Regarding backup, there are two misunderstandings: one is that dual-system hot backup is not a backup; the other is that hardware backup ≠ data backup.
In terms of the evolution of the backup architecture, there are four architectures: local backup, network backup, LAN-Free (SAN) backup, and Server-Free (offline) backup.
Local backup: The advantage is that the backup speed is fast and the structure is simple; the disadvantage is that it is not suitable for a multi-host environment and the management of multi-host backup is complicated.
Network backup: The advantage is centralized backup, centralized management, and full use of tape library resources; the disadvantage is that it occupies network resources, and the network bottleneck is very obvious when a large amount of data is backed up.
LAN-Free (SAN) backup: The advantage is that the backup speed is fast, there is no backup bottleneck caused by the traditional network, and it is suitable for high-speed backup of large amounts of data; the disadvantage is that the price is relatively high.
Server-Free (offline) backup: The advantage is that the production server will not cause additional overhead for backup, and the performance of the production system will not be reduced at all; the disadvantage is that special equipment is required.
In terms of the evolution route of backup technology, it follows the route of regular backup-snapshot backup-real-time backup.
Scheduled backup: The advantage is that the software and hardware support a wide range of backups, which is suitable for long-term storage; the disadvantage is that the file backup needs to be opened, and the files in the folder change, resulting in inconsistencies. In addition, a special backup time window is required, and the RPO is also very large .
Snapshot backup: In order to solve the problem of opening files and file changes during backup; the disadvantage is the compatibility problem of snapshot backup. Snapshot backup has a greater impact on the performance of the production system, and the RPO is also greater.
Real-time replication (such as CDP): In order to solve the problem of opening files, file changes during backup, and limited compatibility of snapshots, it is possible to restore RPO≈0 at any point in time. The British CDP technology based on byte-level real-time data protection is one of the representative products.
2. Disaster tolerance
Backup is the protection of data, and disaster tolerance is based on backup to ensure business continuity of the enterprise. From this level, disaster tolerance is generally divided into data disaster tolerance and application disaster tolerance.
Data disaster tolerance refers to the establishment of a remote data system, which is a real-time replication of local key application data.
Application disaster tolerance refers to the establishment of a complete set of backup application systems equivalent to the local production system on the basis of data disaster tolerance. In the event of a disaster, the standby system quickly takes over the business and continues to run.

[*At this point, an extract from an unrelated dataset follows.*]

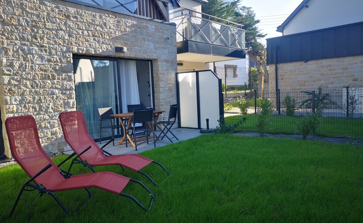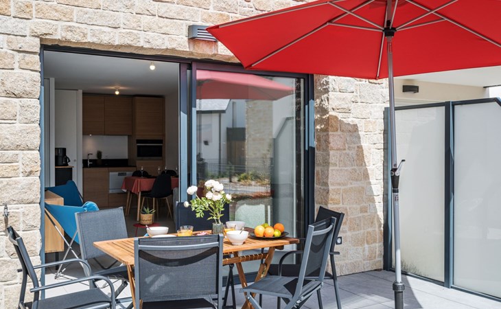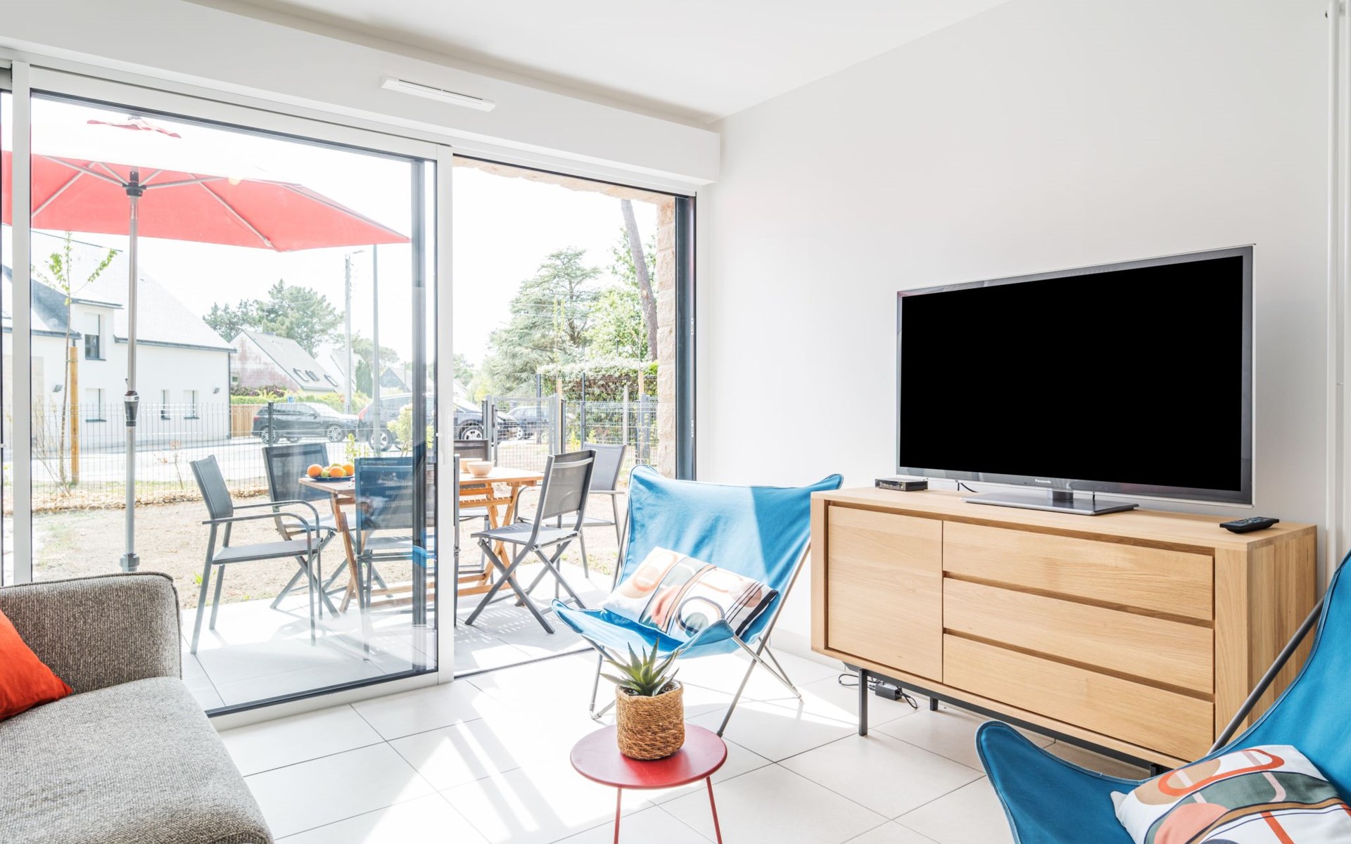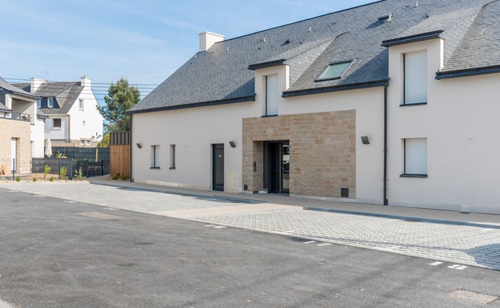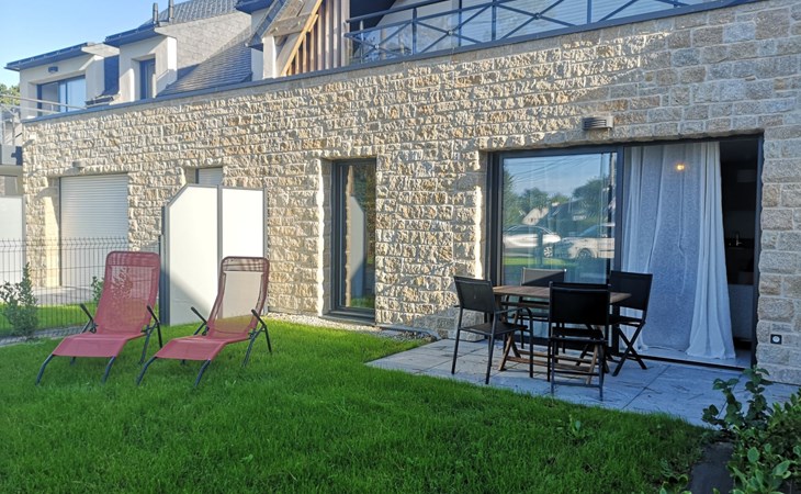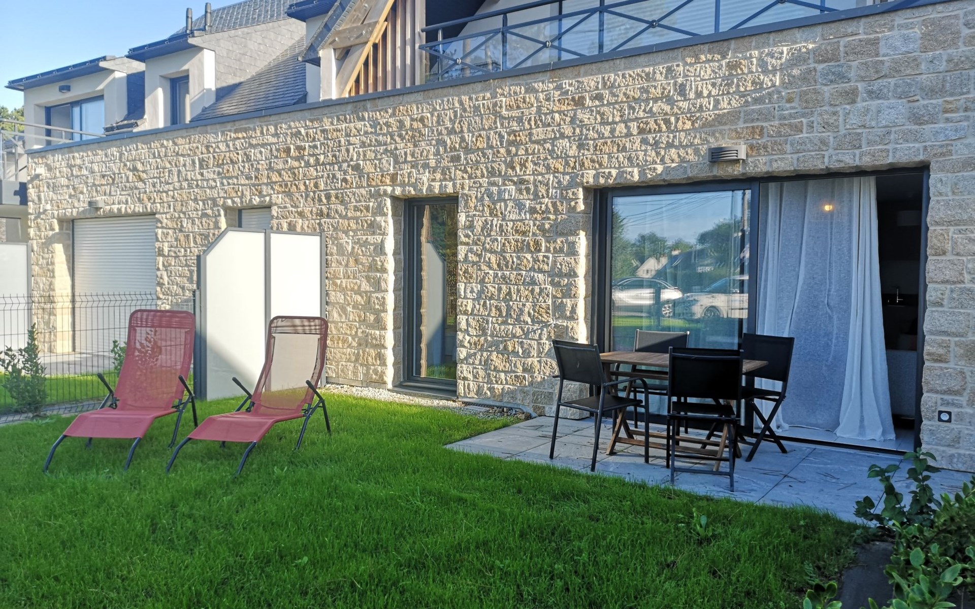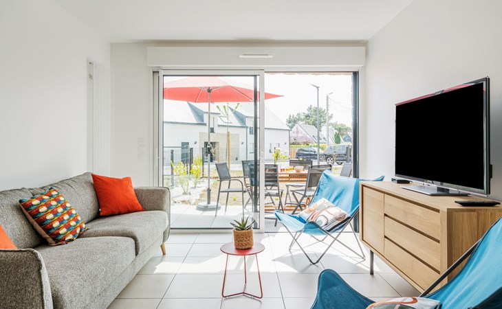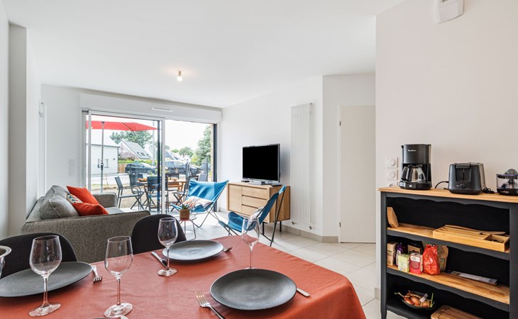 Moderne flatgebouw "Les Villas du Men Du", van 2 verdiepingen, bouwjaar 2022. In de plaats, 300 m van zee, van het strand. In het huis: bergruimte voor fietsen. Supermarkt 200 m, restaurant 500 m, bar, bakkerij 1 km, café, fietsverhuur 1 km, zandstrand "Plage du Men Du" 300 m, thermaalbad "Thalassothérapie Thalazur" 2 km. Golfterrein (18 holes) 15 km, surfschool 6 km, zeilschool 2 km. Attracties in de buurt: Les Alignements de Carnac 5 km, La Trinité sur Mer 5 km, Presqu'ile de Quiberon 15 km, Vannes 30 km, Lorient 40 km, Belle Ile en Mer, Houat, Hoedic. Wandelgebied Le Golfe du Morbihan 30 km.
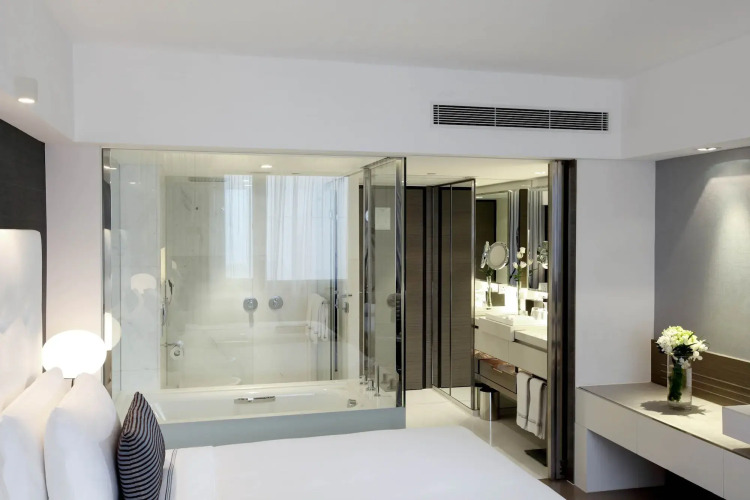 Отель состоит из 492 просторных номеров, оформленных с удачным использованием зональной подсветки. К услугам гостей предлагается кондиционер, ЖК-телевизор, сейф и мини-бар.

Third. Key terms: RPO, RTO
RPO (Recovery Point Objective) means that after a disaster, the disaster recovery system can restore data to the point in time before the disaster. It is an indicator of how much production data an enterprise will lose after a disaster. RPO can be simply described as the maximum amount of data loss that an enterprise can tolerate.
RTO (Recovery Time Objective) refers to the time between when a disaster occurs, from the moment when the system is down and the business stops, to when the system is restored to support the operation of the business department and the business resumes operations. RTO can be simply described as the recovery time that the enterprise can tolerate.